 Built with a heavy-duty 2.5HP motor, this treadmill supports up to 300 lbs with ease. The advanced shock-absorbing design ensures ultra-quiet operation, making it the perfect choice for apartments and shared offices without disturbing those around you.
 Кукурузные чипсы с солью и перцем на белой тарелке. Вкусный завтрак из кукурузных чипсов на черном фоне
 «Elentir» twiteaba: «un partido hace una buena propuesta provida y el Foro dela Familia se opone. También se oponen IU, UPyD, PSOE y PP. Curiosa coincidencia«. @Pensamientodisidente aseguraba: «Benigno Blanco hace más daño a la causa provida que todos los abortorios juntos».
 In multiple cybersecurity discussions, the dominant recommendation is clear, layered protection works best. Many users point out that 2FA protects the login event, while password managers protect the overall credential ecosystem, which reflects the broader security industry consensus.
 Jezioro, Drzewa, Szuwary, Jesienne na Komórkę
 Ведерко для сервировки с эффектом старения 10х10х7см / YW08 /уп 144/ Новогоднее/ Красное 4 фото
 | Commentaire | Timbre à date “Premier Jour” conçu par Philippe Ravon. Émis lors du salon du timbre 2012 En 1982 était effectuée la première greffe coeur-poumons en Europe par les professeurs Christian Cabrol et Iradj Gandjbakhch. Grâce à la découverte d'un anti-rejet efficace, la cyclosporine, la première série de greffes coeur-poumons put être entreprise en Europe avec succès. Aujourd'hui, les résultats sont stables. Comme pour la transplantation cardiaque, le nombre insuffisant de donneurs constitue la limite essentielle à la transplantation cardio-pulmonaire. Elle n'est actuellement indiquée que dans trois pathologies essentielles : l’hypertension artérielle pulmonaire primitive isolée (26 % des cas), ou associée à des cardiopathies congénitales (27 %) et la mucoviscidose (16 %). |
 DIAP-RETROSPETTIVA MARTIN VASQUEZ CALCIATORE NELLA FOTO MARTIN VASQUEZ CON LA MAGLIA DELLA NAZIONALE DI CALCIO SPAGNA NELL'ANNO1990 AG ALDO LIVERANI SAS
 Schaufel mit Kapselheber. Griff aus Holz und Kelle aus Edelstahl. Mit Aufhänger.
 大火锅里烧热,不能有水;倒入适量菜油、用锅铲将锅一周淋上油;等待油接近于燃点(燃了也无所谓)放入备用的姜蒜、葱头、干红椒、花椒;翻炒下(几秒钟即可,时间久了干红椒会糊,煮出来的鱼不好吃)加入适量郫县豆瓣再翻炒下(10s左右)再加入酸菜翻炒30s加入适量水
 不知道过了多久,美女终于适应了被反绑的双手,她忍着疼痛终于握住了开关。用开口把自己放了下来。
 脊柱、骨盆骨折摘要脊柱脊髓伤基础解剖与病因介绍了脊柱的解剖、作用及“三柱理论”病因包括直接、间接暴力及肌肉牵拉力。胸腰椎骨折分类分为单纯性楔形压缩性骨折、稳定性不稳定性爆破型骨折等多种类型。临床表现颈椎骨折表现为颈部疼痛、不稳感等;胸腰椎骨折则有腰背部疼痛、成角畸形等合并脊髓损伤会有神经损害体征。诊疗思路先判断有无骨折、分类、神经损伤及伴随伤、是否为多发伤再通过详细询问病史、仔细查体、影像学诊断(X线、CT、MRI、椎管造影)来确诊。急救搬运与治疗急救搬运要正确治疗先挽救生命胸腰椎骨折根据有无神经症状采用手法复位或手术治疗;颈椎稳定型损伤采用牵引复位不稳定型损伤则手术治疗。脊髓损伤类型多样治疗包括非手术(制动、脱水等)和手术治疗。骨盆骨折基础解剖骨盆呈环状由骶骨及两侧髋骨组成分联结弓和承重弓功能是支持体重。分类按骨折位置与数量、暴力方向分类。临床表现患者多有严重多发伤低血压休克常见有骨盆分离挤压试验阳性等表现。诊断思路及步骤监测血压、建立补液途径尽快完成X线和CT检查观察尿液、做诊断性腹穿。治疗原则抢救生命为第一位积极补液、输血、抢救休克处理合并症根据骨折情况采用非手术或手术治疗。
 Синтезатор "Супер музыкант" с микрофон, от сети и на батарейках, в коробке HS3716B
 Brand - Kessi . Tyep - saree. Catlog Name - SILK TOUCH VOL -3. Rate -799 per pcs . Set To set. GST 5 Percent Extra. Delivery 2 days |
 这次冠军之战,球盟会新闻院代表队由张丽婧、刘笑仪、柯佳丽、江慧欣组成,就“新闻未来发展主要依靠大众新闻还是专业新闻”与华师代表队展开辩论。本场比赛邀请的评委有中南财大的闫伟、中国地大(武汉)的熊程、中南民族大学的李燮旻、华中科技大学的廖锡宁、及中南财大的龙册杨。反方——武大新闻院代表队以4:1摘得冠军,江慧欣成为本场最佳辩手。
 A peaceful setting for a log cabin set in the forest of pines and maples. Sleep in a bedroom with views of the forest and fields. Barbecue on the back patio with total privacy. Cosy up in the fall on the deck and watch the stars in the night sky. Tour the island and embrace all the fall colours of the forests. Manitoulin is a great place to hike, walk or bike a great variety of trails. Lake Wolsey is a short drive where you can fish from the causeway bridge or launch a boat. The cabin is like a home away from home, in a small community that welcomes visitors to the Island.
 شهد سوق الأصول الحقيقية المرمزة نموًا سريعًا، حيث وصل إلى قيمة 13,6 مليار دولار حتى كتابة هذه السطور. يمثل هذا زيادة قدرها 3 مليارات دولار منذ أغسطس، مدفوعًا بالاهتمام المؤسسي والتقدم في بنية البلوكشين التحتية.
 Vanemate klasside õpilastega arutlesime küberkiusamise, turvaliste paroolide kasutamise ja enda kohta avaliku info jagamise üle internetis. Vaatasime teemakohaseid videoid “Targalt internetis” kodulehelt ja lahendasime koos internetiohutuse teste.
---
**PROBLEM TO WORK ON**
Taking the entries as a whole, work out how many lines contain the string "that". Respond with only the number.

**WRITTEN REPLY**
2